Chapter 49 Eosinophilic Lung Disease
The Eosinophil Leukocyte and Eosinophilic Pneumonia
Diagnosis of Eosinophilic Pneumonia
The diagnosis of eosinophilic pneumonia relies on both characteristic clinical-imaging features and the demonstration of alveolar eosinophilia and/or peripheral blood eosinophilia (Box 49-1). Bronchoalveolar lavage (BAL) is a noninvasive alternative to lung biopsy in this setting. The percentage of eosinophils in BAL fluid is less than 2% in normal control subjects, and a differential cell count for eosinophils of 2% to 25% may be found in nonspecific conditions. Therefore, a cutoff value of 25% eosinophils or more in BAL fluid, and preferably 40% or more, is recommended for the diagnosis of eosinophilic pneumonia.

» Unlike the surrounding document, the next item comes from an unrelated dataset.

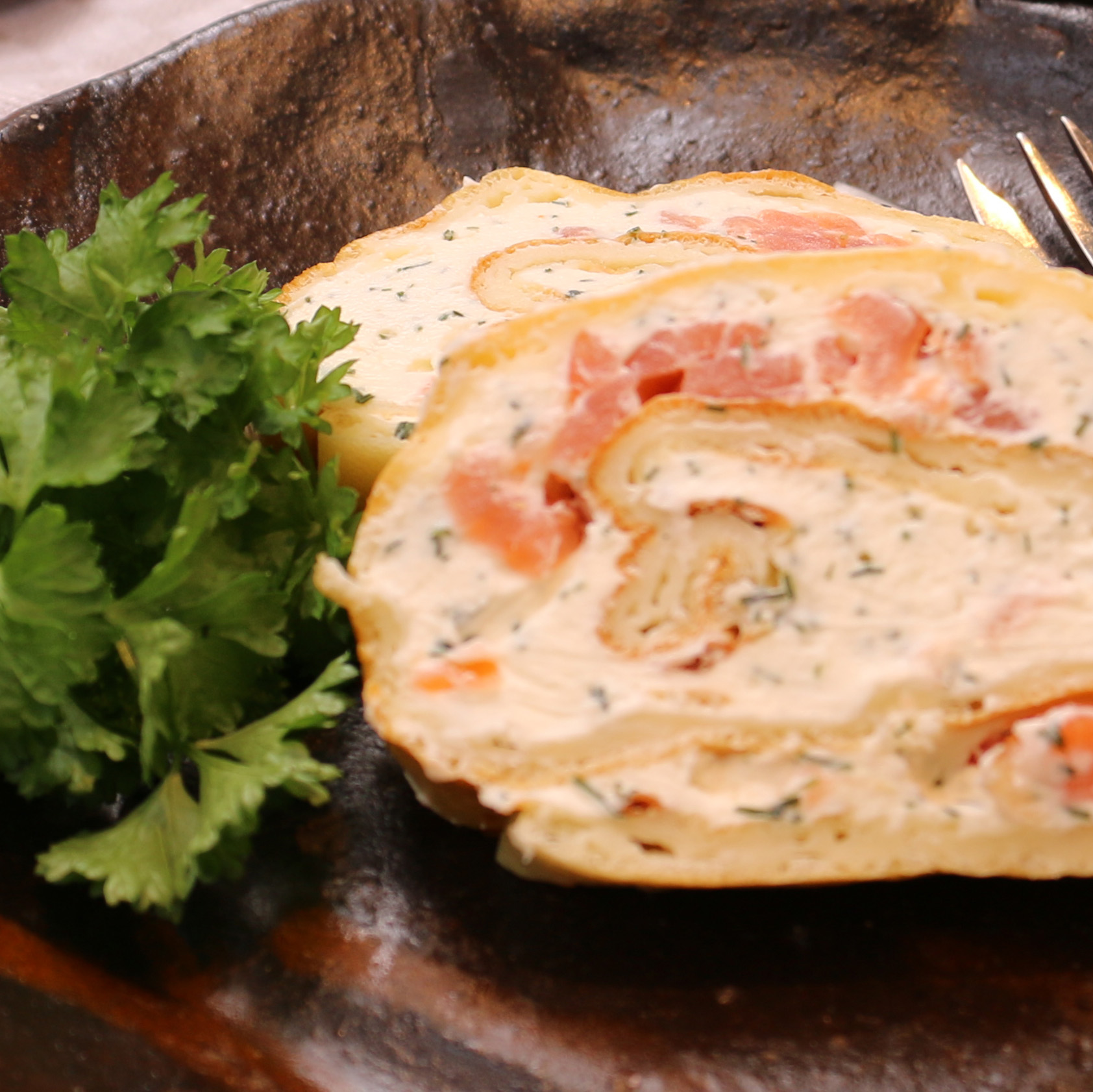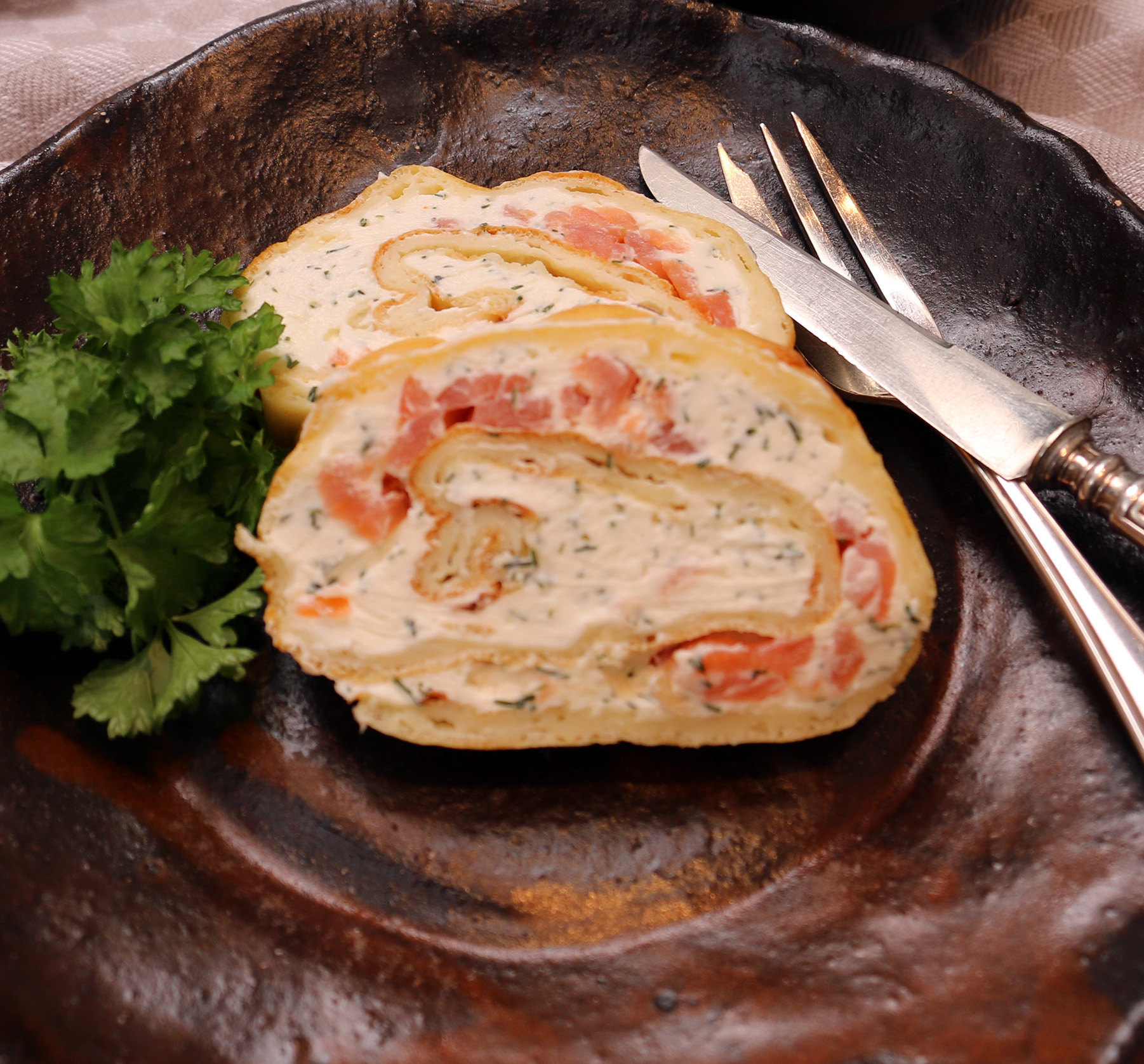 Pfannkuchenroulade mit Lachs-Frischkäsefüllung

The presence of marked eosinophilia in BAL fluid obviates the need for lung biopsy in this disorder, especially when the eosinophils are the predominant cell population in BAL fluid (macrophages excepted). Markedly elevated peripheral blood eosinophilia (greater than 1000/µL and preferably 1500/µL) together with typical clinical radiologic features are highly suggestive of the diagnosis of eosinophilic pneumonia, and BAL may not be always mandatory in such patients, although other disorders may be associated with pulmonary infiltrates and peripheral eosinophilia (e.g., bacterial pneumonia, parasitic pneumonia, infiltrates related to lymphoma). Peripheral blood eosinophilia may be absent at presentation, especially in IAEP and in patients receiving corticosteroid treatment.
Box 49-1
Diagnosis of Eosinophilic Pneumonias
Eosinophilic pneumonia may be separated into that of undetermined origin, which usually may be included within well-individualized syndromes, and that with a definite cause (mainly infection and drug reaction) (Box 49-2). Potential causes must be thoroughly investigated, because identification of a cause may lead to effective therapeutic measures.
Eosinophilic Lung Diseases of Known Origin
Allergic Bronchopulmonary Aspergillosis
Early ABPA is characterized by fever, expectoration of mucous plugs, peripheral blood eosinophilia with counts higher than 1000/µL, and pulmonary infiltrates caused by eosinophilic pneumonia, or segmental or lobar atelectasis caused by mucous plugging. Chronic ABPA is characterized by asthma, eosinophilia, and bronchopulmonary manifestations including bronchiectasis (Figures 49-1 and 49-2 and Box 49-3). The presence of bronchiectasis on computed tomography (CT) images in a patient with asthma is therefore highly suggestive of ABPA; however, typical proximal bronchiectasis may be absent, and such cases are designated ABPA-seropositive. Centrilobular nodules and mucoid impaction on CT scan (typically characterized by a V-shaped lesion, with the vertex pointing toward the hilum) also are highly suggestive of ABPA. The expectoration of mucous plugs, the presence of Aspergillus in sputum, and late skin reactivity to Aspergillus antigen also are common at this stage; however, Aspergillus is not reliably identified in sputum or BAL fluid samples of patients with ABPA, and positive cultures are not required for diagnosis. The finding of Aspergillus organisms may reflect colonization and thus is not specific for ABPA. Total serum IgE levels of at least 1000 IU/mL constitute a hallmark of ABPA. Peripheral blood eosinophilia is common but is not a required diagnostic criterion.